● **Problem statement**
With the images set aside, retype every record below character for character.

Records excerpted from a collection:

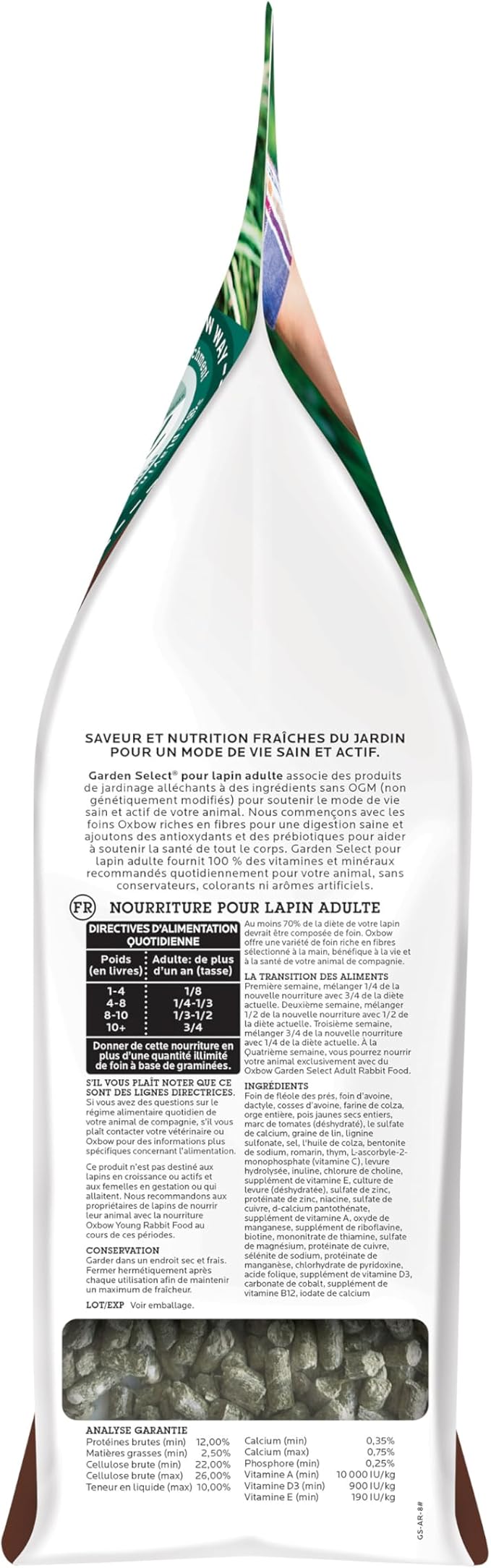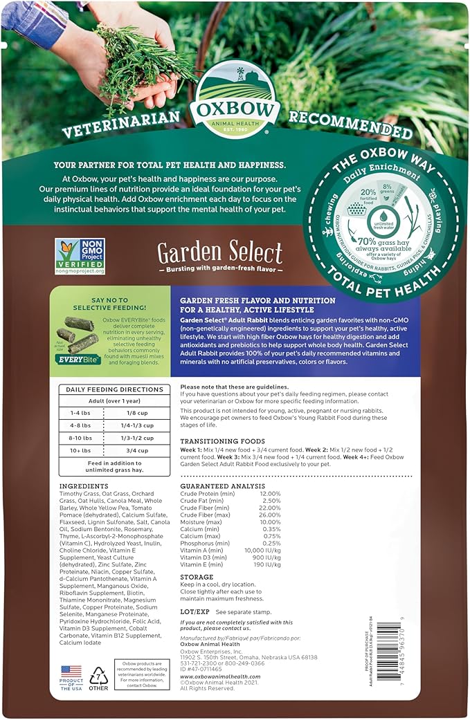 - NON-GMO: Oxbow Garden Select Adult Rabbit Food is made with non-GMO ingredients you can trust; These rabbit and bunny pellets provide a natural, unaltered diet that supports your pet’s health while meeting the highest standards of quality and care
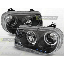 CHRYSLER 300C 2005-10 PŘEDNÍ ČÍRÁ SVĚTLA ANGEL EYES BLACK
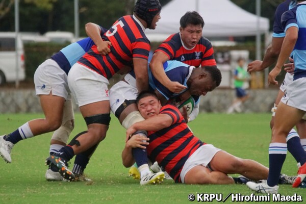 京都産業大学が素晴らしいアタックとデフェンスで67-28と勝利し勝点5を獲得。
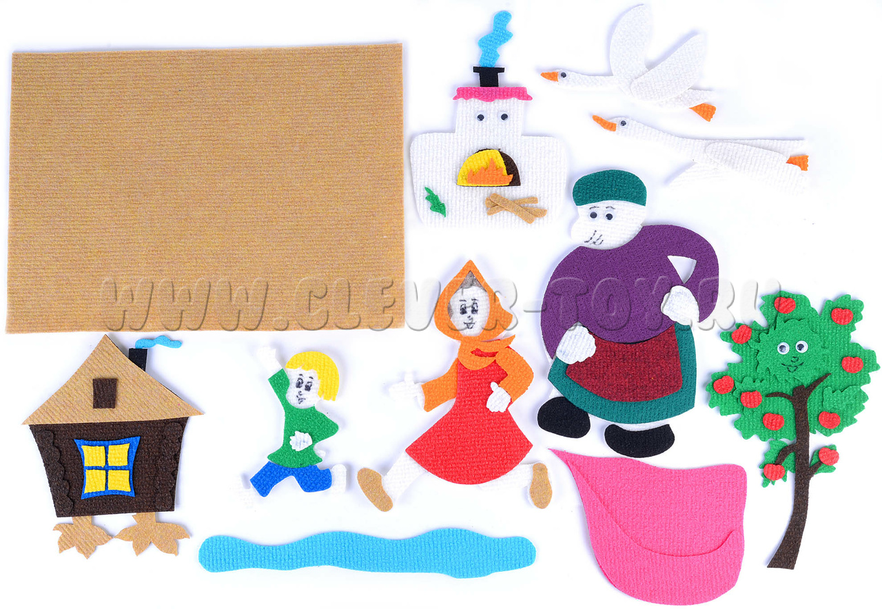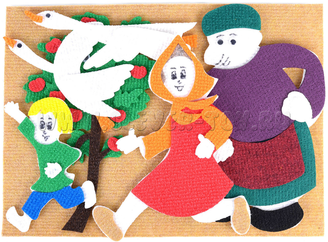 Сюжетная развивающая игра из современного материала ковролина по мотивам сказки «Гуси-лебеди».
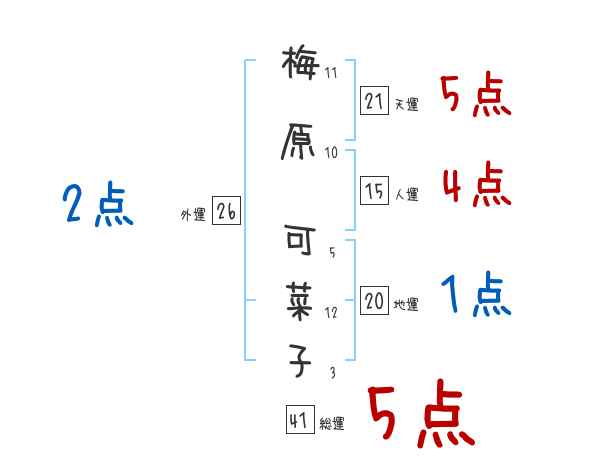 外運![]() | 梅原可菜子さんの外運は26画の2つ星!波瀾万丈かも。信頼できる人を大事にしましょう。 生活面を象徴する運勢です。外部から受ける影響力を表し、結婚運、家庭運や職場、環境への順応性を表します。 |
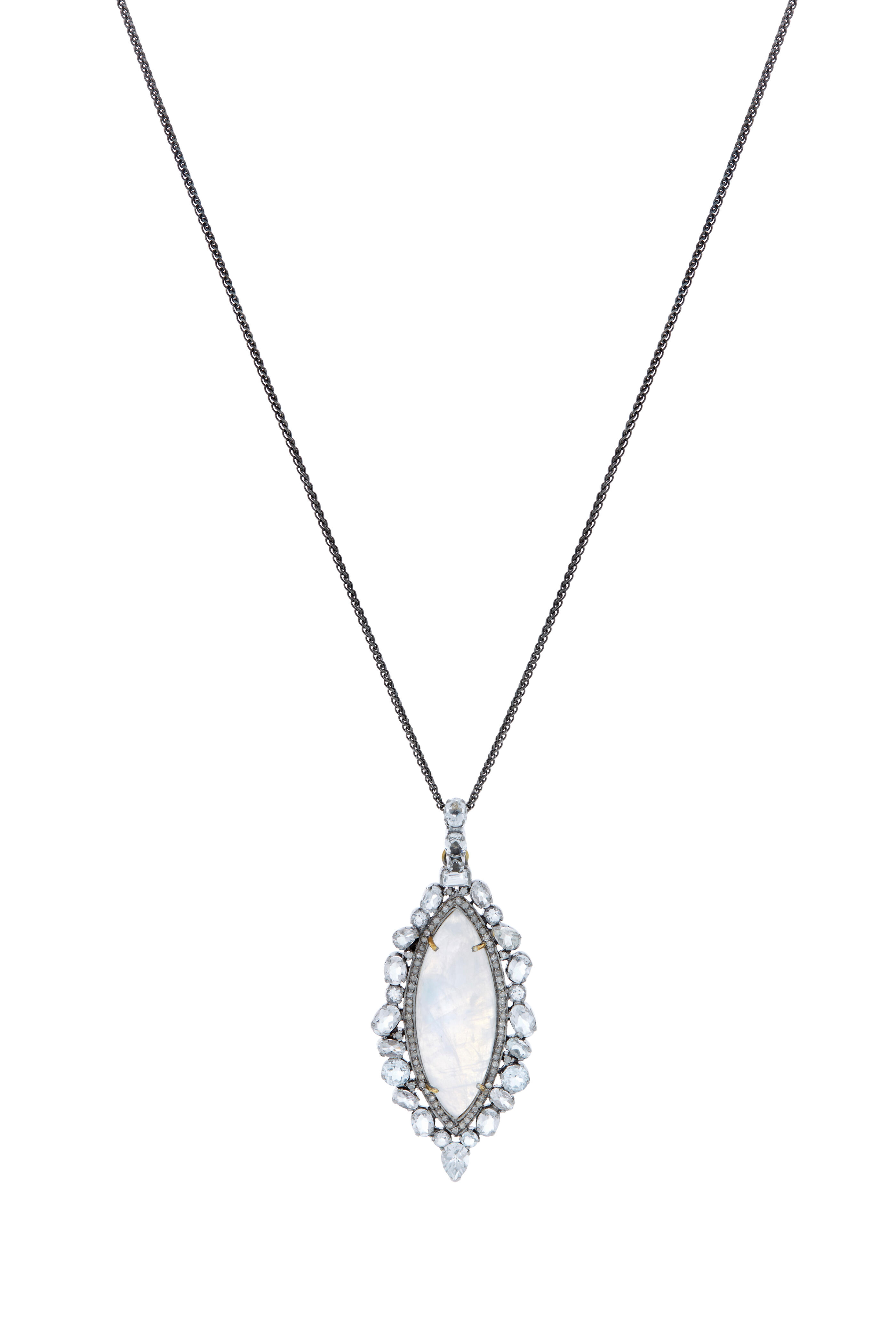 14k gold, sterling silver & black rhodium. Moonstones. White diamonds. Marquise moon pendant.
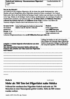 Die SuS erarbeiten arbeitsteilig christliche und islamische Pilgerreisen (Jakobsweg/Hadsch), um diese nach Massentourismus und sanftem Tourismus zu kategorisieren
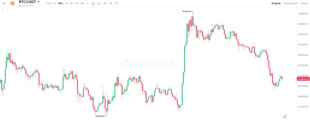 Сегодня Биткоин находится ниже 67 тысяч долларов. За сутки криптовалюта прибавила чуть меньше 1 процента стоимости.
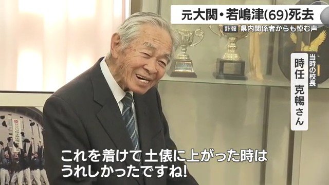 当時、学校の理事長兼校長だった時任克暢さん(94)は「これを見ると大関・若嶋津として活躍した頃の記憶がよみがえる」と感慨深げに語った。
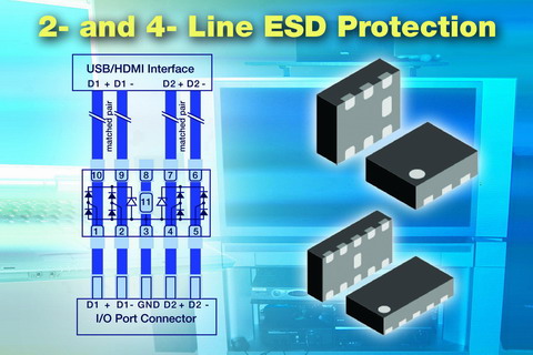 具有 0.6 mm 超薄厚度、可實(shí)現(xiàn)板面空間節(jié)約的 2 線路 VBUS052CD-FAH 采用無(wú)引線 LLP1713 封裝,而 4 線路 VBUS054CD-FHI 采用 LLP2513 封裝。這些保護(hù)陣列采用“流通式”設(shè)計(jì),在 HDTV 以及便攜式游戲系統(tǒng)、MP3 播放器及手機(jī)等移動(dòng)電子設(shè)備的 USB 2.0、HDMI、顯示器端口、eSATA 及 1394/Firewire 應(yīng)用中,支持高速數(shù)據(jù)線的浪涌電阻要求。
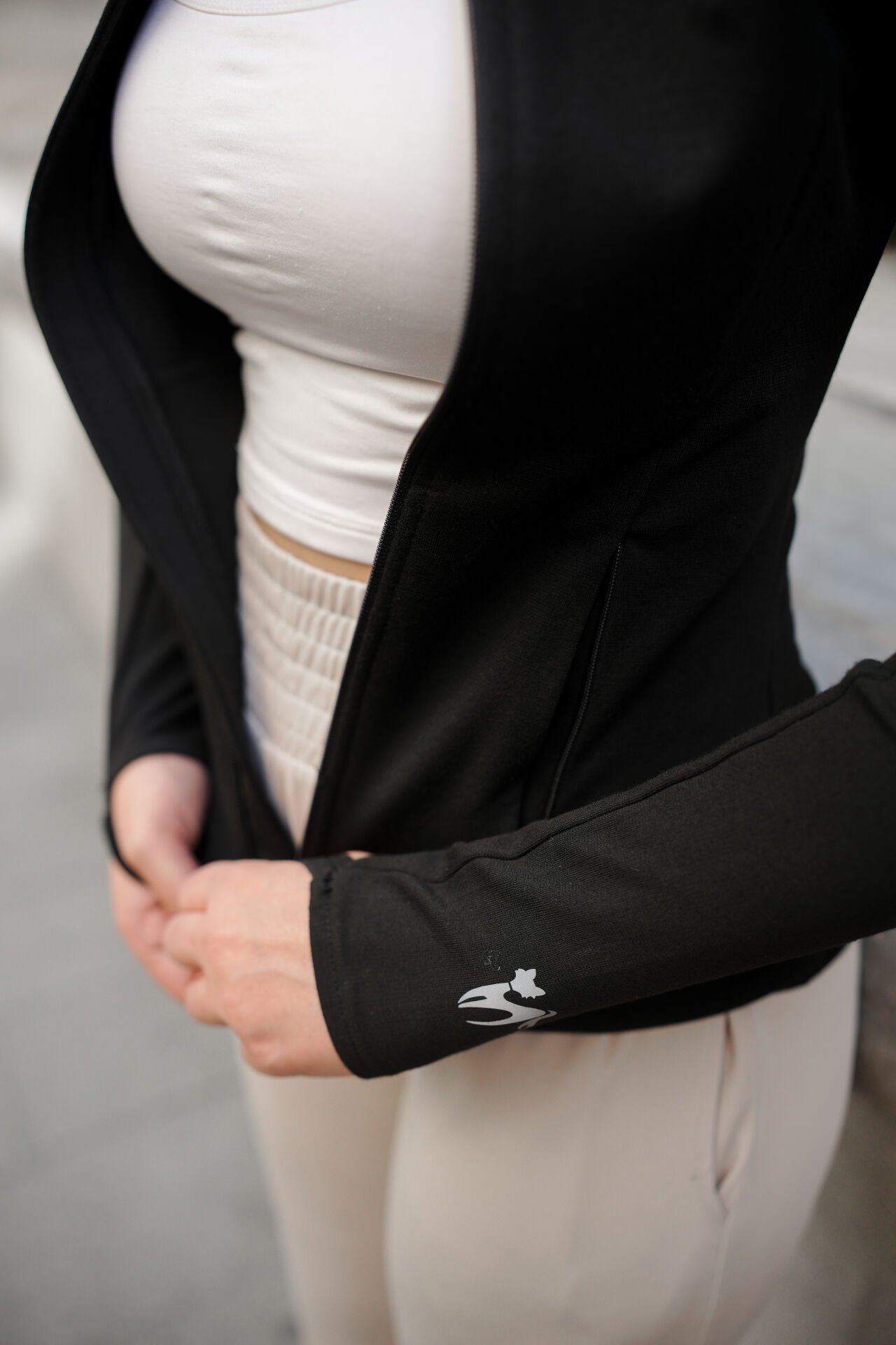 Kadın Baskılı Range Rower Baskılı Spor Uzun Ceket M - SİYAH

● **Exercise result**
 - NON-GMO: Oxbow Garden Select Adult Rabbit Food is made with non-GMO ingredients you can trust; These rabbit and bunny pellets provide a natural, unaltered diet that supports your pet’s health while meeting the highest standards of quality and care
 CHRYSLER 300C 2005-10 PŘEDNÍ ČÍRÁ SVĚTLA ANGEL EYES BLACK
 京都産業大学が素晴らしいアタックとデフェンスで67-28と勝利し勝点5を獲得。
 Сюжетная развивающая игра из современного материала ковролина по мотивам сказки «Гуси-лебеди».
 外運![]() | 梅原可菜子さんの外運は26画の2つ星!波瀾万丈かも。信頼できる人を大事にしましょう。 生活面を象徴する運勢です。外部から受ける影響力を表し、結婚運、家庭運や職場、環境への順応性を表します。 |
 14k gold, sterling silver & black rhodium. Moonstones. White diamonds. Marquise moon pendant.
 Die SuS erarbeiten arbeitsteilig christliche und islamische Pilgerreisen (Jakobsweg/Hadsch), um diese nach Massentourismus und sanftem Tourismus zu kategorisieren
 Сегодня Биткоин находится ниже 67 тысяч долларов. За сутки криптовалюта прибавила чуть меньше 1 процента стоимости.
 当時、学校の理事長兼校長だった時任克暢さん(94)は「これを見ると大関・若嶋津として活躍した頃の記憶がよみがえる」と感慨深げに語った。
 具有 0.6 mm 超薄厚度、可實(shí)現(xiàn)板面空間節(jié)約的 2 線路 VBUS052CD-FAH 采用無(wú)引線 LLP1713 封裝,而 4 線路 VBUS054CD-FHI 采用 LLP2513 封裝。這些保護(hù)陣列采用“流通式”設(shè)計(jì),在 HDTV 以及便攜式游戲系統(tǒng)、MP3 播放器及手機(jī)等移動(dòng)電子設(shè)備的 USB 2.0、HDMI、顯示器端口、eSATA 及 1394/Firewire 應(yīng)用中,支持高速數(shù)據(jù)線的浪涌電阻要求。
 Kadın Baskılı Range Rower Baskılı Spor Uzun Ceket M - SİYAH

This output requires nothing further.